Trieb

[649] Trieb heißt das der Art nach bestimmte, dem Objekt nach unbestimmte Streben, welches ein Individuum vom ersten Moment seines Daseins an nötigt, das ihm Unentbehrliche aufzusuchen. Durch Triebe unterscheiden sich das Tier und der [649] Mensch von der Pflanze; sie haben eine Empfindung ihres Bedürfnisses und die freie Beweglichkeit, das, wodurch jenes befriedigt wird, aufzusuchen und zu ergreifen. Unbewußt, aber zweckmäßig leitet der Trieb das Tier und den Naturmenschen; klar ist dabei nur die Unlust und der Drang sie zu beseitigen, unklar, auf welche Weise es zu geschehen habe. Doch liegt im Organismus der Weg im allgemeinen vorgezeichnet. Denn die durch Unlust gereizten Empfindungsnerven lösen in den motorischen Nerven gewisse Reflexbewegungen aus, welche zur Befriedigung des Bedürfnisses führen. Die Triebe gehören zu dem, was der Anlage nach vererbt wird.

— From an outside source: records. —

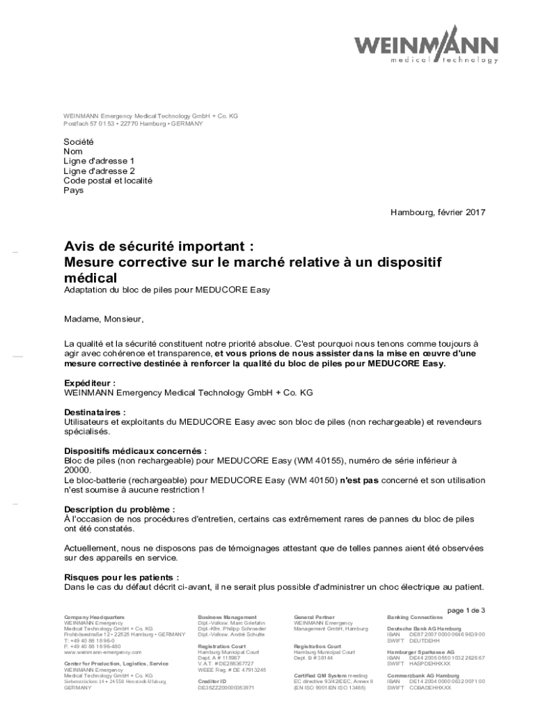 WEIZMANN Emergency Medical Technology GmbH + Co. KG Postal 57 01 53 22770 Hamburg GERMANYSocit Not Line d\'address 1 Line d\'address 2 Code postal ET locality Pays Hamburg, frier 2017Avis de security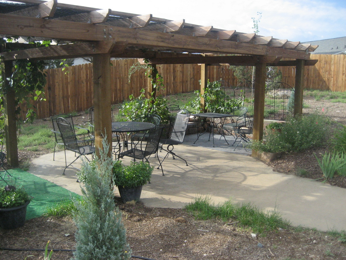 outdoor garden area with an Arbor for shade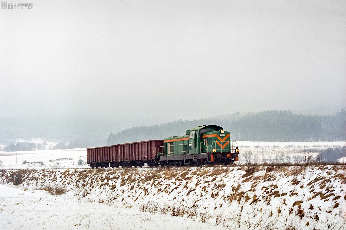 Kamienna Góra – Sędzisław. SM42-307 prowadzi pociąg zdawczy z Lubawki do Wałbrzycha Gł. Rzadko zdarzało mi się złapać ten pociąg, bo zazwyczaj nie bywałem w tym rejonie w dni robocze. W okresie poświątecznym jednak się udało. 27.12.2002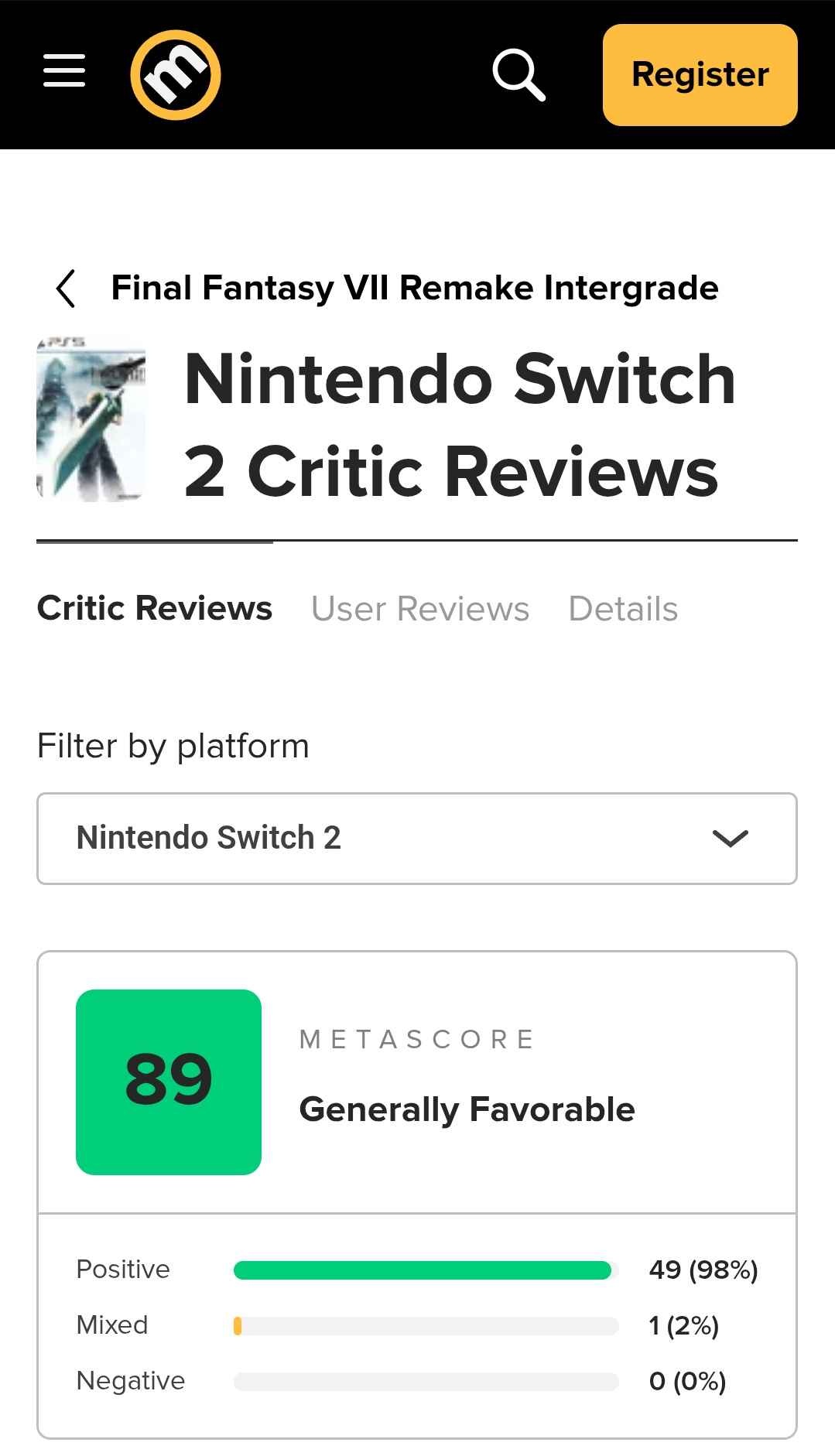 任豚にネガキャンされまくったFF7Rがメタスコア89

Sämtliche Triebe lassen sich zusammenfassen als Selbsterhaltungstrieb und als Gattungstrieb. Der Selbsterhaltungstrieb schließt den Nahrungs- und Schutztrieb, der Gattungstrieb den Geschlechtstrieb, die elterlichen und sozialen Triebe in sich ein. Zu den sozialen Trieben gehören unter anderen die sittlichen Triebe und der Nachahmungstrieb. (Wundt, Grundz. d. phys. Psych. II S. 410 ff.)

Quelle:
Kirchner, Friedrich / Michaëlis, Carl: Wörterbuch der Philosophischen Grundbegriffe. Leipzig 51907, S. 649-650.